Quite simply, how/why do you read 0x2695 and think "I'll need to read in the next word for this character."? Why doesn't this appear to align with the published UTF-16 standard?


Solution

  • The formal definition of all of this is called an "extended grapheme cluster," and it's defined in the Unicode Text Segmentation report. As Joachim Sauer notes, it's wise to be careful with the term "character" in Unicode.

    Code points are what "U+...." syntax is referring to, and is attempting to capture a "unit" of written language, for example "an acute accent." But what a reader would think of a character (for example "an e with an acute accent") is a "grapheme cluster" and is made up of one or more code points. What is ultimately rendered to the screen is a "glyph" which is both context- and font-dependent.

    Grapheme clusters in Unicode are actually more subtle than this. Unicode attempts to define them in a "neutral" way. (There's really no such thing as "neutral" when thinking about languages, but Unicode does try.) For example, in Slovak, ch, dz, and dž are each one letter, but are considered two grapheme clusters in Unicode. (Try to count the "letters" in a Slovak word. There are words that contain the letter dz and other words that have the letter d followed by the letter z. Oh human writing systems. I love you so much.)

    The mapping of grapheme clusters to glyphs is also complex. For example, in Arabic, the single glyph لا is actually two grapheme clusters, ل (ARABIC LETTER LAM) followed by ا (ARABIC LETTER ALEF). If you use your mouse to select the glyph, you'll see there are two selectable pieces, and if you copy and paste them to another window you'll see them transform into their component parts. (Just to make thing even more complicated, Unicode also defines a single code point for ligature, ARABIC LIGATURE LAM WITH ALEF ISOLATED FORM: ﻻ. If you try to select part of that one, you'll find you can't. It's one "character.")

    Your specific case is a bit more special. The Variation Selector predates Unicode, and is mostly designed to handle different variations of Han (Chinese) characters. However, as with every Unicode feature, it eventually has come to be used primarily for emoji. VS-16 is the "emoji" presentation form. The most famous example is the red heart, which is HEAVY BLACK HEART ❤, followed by VS-16: ❤️.

    Similarly, your character U+2695 STAFF OF AESCULAPIUS is a single code point, and it looks like this by default (text style): ⚕. When you add VS-16, it is rendered in "emoji style": ⚕️. In some ways it's the same "character." Or is it? Depends on what you're using it for.

    Emoji style is typically a bit larger and centered in its block, sometimes adding color. Notice where the period after the staff is drawn in each case (there are no extra spaces in the second example; the glyph is just much wider).
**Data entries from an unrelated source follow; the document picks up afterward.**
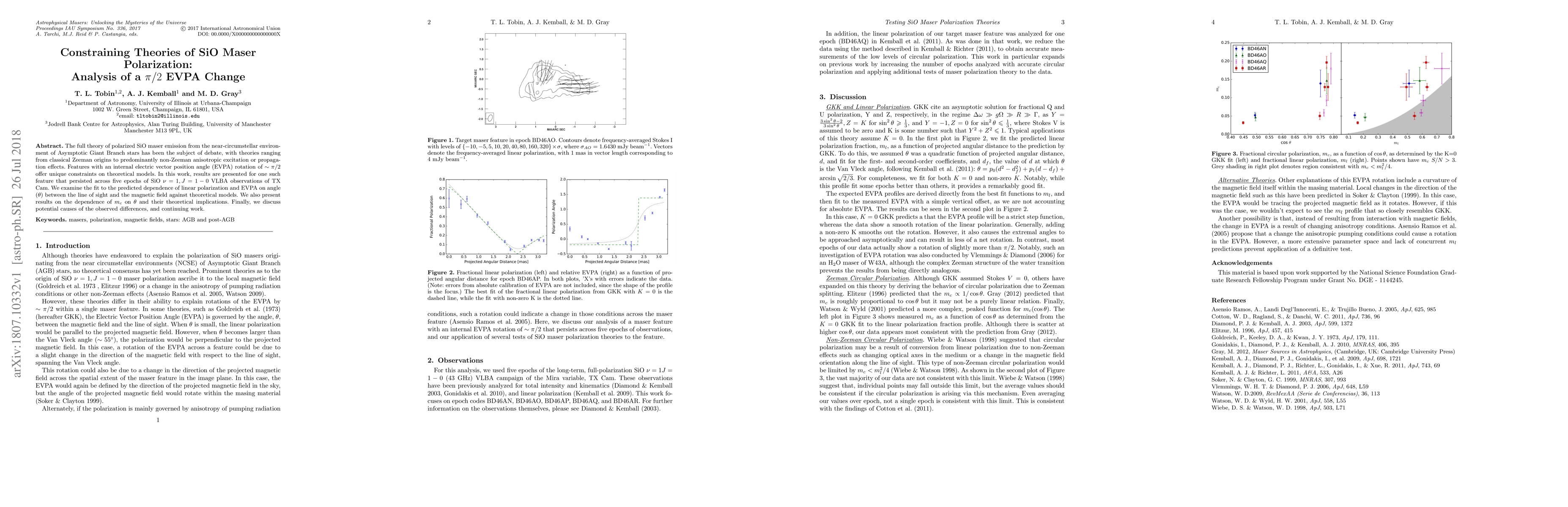 Researchers analyze polarization patterns in a specific maser feature to constrain theories of SiO emission from Asymptotic Giant Branch stars, finding unique constraints on magnetic field angle and its effects.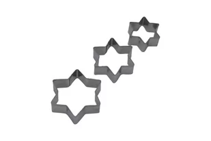 Zestaw metalowych wykrawaczy do ciastek i pierników w kształcie gwiazdek o różnych rozmiarach.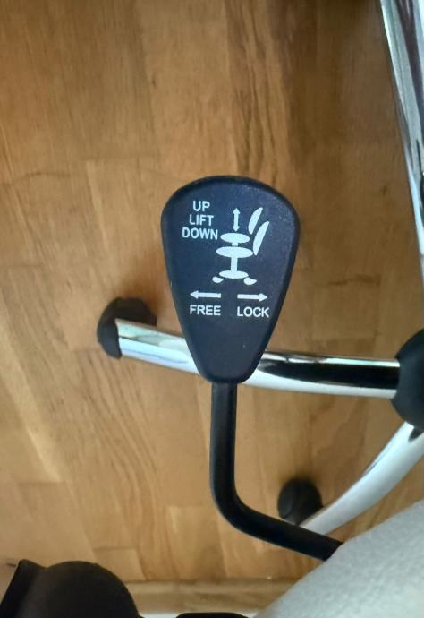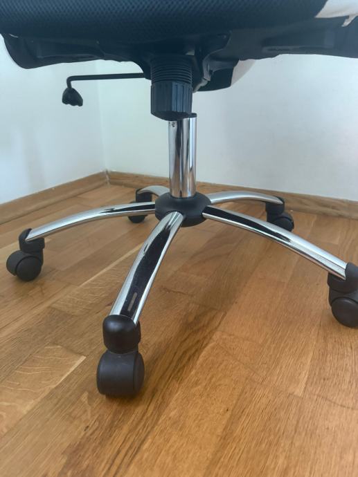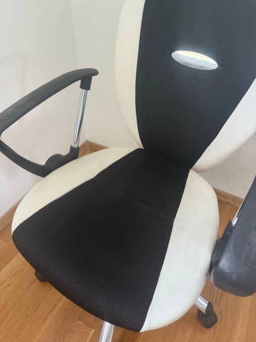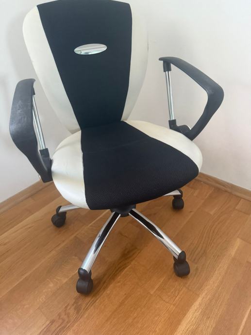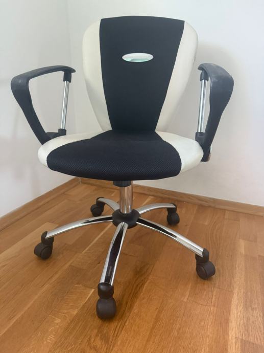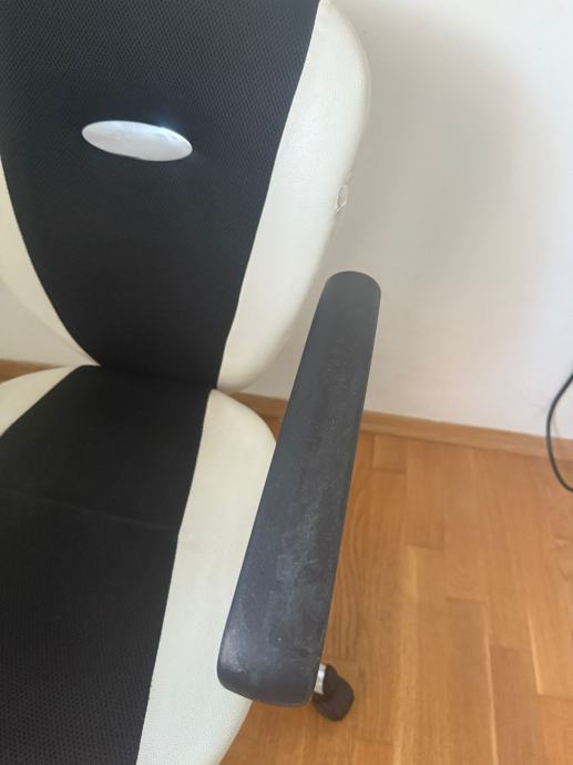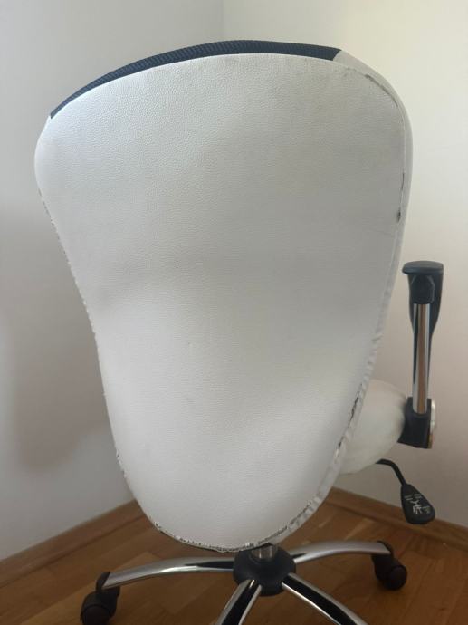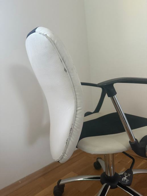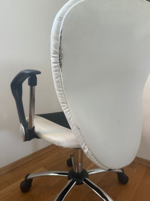 U potpuno ispravnom stanju.Podesiva visina,a naslon stolice moze biti fiksiran,a moze se staviti u polozaj za ljuljanje.Na stolici su minimalna ostecenja i to samo na djelu gdje je kozni dio.Vidljivo na slikama.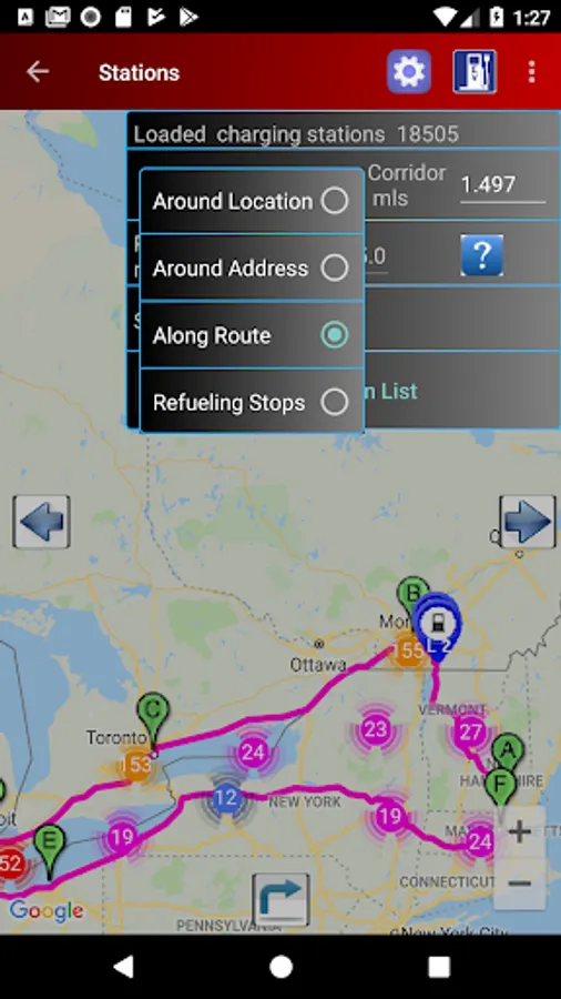 There is a free version EV Station Finder USA&CAN and a paid version EV Station Finder USA&CAN Plus.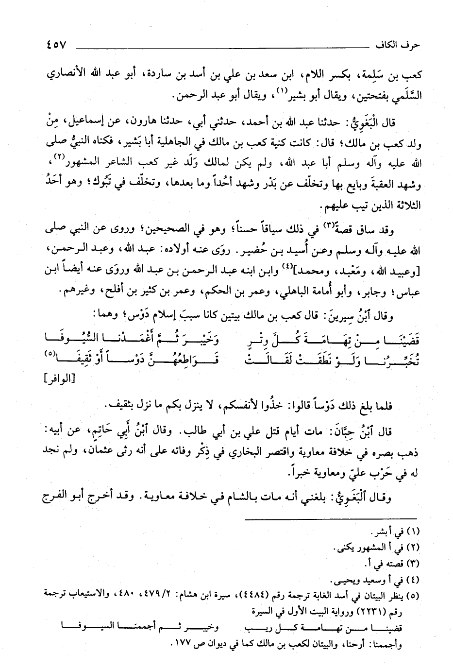(٥) ينظر البيتان في أسد الغابة ترجمة رقم (٤٤٨٤) ، سيرة ابن هشام: ٢/ ٤٧٩، ٤٨٠، والاستيعاب ترجمة رقم (٢٢٣١) ورواية البيت الأول في السيرة

    There are other combining systems as well:

    • U+0031: 1
    • U+0031 U+20e3: 1⃣ (+ COMBINING ENCLOSING KEYCAP, default text style)
    • U+0031 U+20e3 U+fe0f: 1⃣️ (+ VARIATION SELECTOR-16, emoji style)

    All of these predate Unicode. Modern emoji is dramatically more complicated, and includes several combining systems of its own (including two that are currently just used for flags).

    But luckily, to your actual question, your wife is correct, and you can generally just consume all trailing code points that are marked "combining" to form an extended grapheme cluster, and that is kind of a "character" for some broad enough definition of "character."